BÖLÜM 14

132 12 0
                                    

  Eski hayatıma geri dönmüştüm.Yine okuka tek başıma gidiyordum.Bu sefer Burak da yoktu.Gerçi eskiden de pek yoktu.Eren'i görmemek için evden hemen çıktım.Dün de hiç sesi çıkmamıştı.Babasının olmaması onu çok usullaştırmıştı.Belki de Eren'in bir suçu yoktu ama yine de yanaşmak istemiyordum.

  Okula vardığımda Beren ve İrem beni gördüler.Beren'in beni görmemesi için başka bir yere gitmesini beklerken hiç yerinden kıpırdamadı.Hatta ağlamak yerine gülüyordu.Şaşırmıştım. Belki de güçlü kalmaya çalışıyordu.Ağlayarak ezik bir kız gibi görünmek yerine gülerek güçlü bir kız gibi görünmek istemişti.Ama ben bankımda otururken tekrar ezik gibi görünecekti.İrem gözlerini kaçırıyordu.Her şeyin suçlusu oymuş gibi.Ama suçlu olan o değildi.Bendim.Her şeyi göze almam gerekirdi.Aşk için kızın canından olabilirdim.Onun için en iyisi buydu.
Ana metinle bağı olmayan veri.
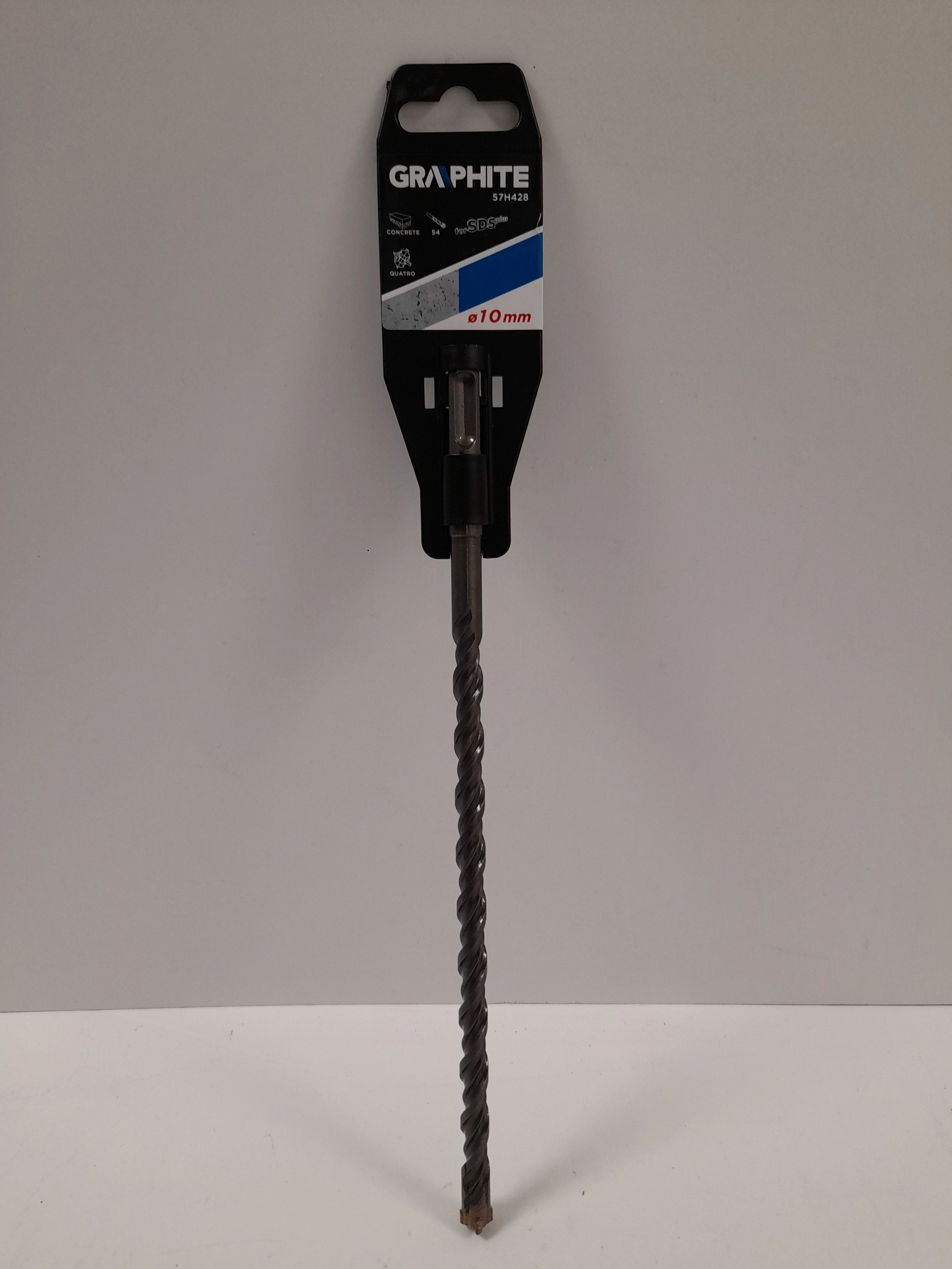 A Kőzetfúrószár - Graphite SDS Plus 10 x 260 mm, 4 élű (57H428) termékünk hatékony betonfúrást tesz lehetővé a speciális videabetétes 4 élű kialakításának köszönhetően. A fúrószár túlmelegedésének elkerülése érdekében, kialakításra került egy S4 típusú dupla spirál, mely biztosítja a megfelelő anyagelvezetést.

  Sınıfa doğru giderken aniden arkamda Beren belirdi:

-Merhaba Emre.

+Merhaba.

-İyi misin?

+Evett...

-Neden şaşırdın? Sen zaten dememiş miydin bu ilişki hataydı diye. Ama arkadaş olabiliriz deme?

+Tabi ki. Arkadaş olabiliriz.

-Yeni bir başlangıç iyidir her zaman.Zaten tek suçlu sen değilsin. Yani kendini suçlu sandığın için kendini uzaklaştırma.O kaza benim yüzümden oldu.
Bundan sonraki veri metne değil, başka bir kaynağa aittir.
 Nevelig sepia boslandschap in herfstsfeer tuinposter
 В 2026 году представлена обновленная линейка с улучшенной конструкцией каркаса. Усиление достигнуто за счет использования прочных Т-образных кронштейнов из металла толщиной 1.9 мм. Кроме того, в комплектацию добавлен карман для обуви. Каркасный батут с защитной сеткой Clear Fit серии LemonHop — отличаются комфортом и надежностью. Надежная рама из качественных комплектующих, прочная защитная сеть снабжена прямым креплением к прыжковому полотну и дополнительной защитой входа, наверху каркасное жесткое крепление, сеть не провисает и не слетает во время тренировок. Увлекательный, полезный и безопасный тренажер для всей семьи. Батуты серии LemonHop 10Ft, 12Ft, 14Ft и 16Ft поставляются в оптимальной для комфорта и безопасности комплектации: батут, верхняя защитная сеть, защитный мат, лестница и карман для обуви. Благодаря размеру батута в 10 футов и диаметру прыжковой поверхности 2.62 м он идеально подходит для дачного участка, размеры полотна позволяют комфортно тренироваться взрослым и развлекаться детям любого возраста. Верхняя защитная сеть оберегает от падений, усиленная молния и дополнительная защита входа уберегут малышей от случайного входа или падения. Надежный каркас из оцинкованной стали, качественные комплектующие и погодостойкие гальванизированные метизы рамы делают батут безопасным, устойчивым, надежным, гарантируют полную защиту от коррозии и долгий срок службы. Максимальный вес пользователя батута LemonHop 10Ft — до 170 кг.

+Beren, tamam.O konu kapandı.Ama arkadaş olmamız daha iyi.

-Tamam, o zamam.İyi dersler.Bu orada dün söylediğim şey için özür dilerim. Sen o banka laik değilsin.
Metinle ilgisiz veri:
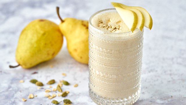 This vegan treat is just as satisfying as it is nourishing! A ripe pear is blended with cauliflower (sounds gross, but trust us), almond milk, dates, almond butter, vanilla, and cardamom resulting in a creamy, nutty, and just sweet enough smoothie that helps you get moving!

  Berenle bu konuşma aslında kendimi iyi hissettirdi.Veda edip sınıfa girdim.Sırama oturdum ve ardından Burak da yanıma oturdu.Ters bir bakış attıktan sonra konuya girdi :

-Özür dilerim.O gün için.

+Önemli değil. Sadece arkadaşlarımı seçmem konusumda daha iyi olmam lazım bunu öğrendim.

-Bak ben İrem'i kıskandım onun için.Bir de Berke aklıma girince  iyice saçmaladım.Özür dilerim. Tekrar arkadaş olmak istiyorum senle.

+Bir daha vöyle bir şey olmayacağına söz ver.

-Söz veriyorum.

+Tamam.Tekrar arkadaşız.Bu arada sırf dinleme aletini kurduğun için,bize yardım ettiğin için kabul ettim.Haberin olsun.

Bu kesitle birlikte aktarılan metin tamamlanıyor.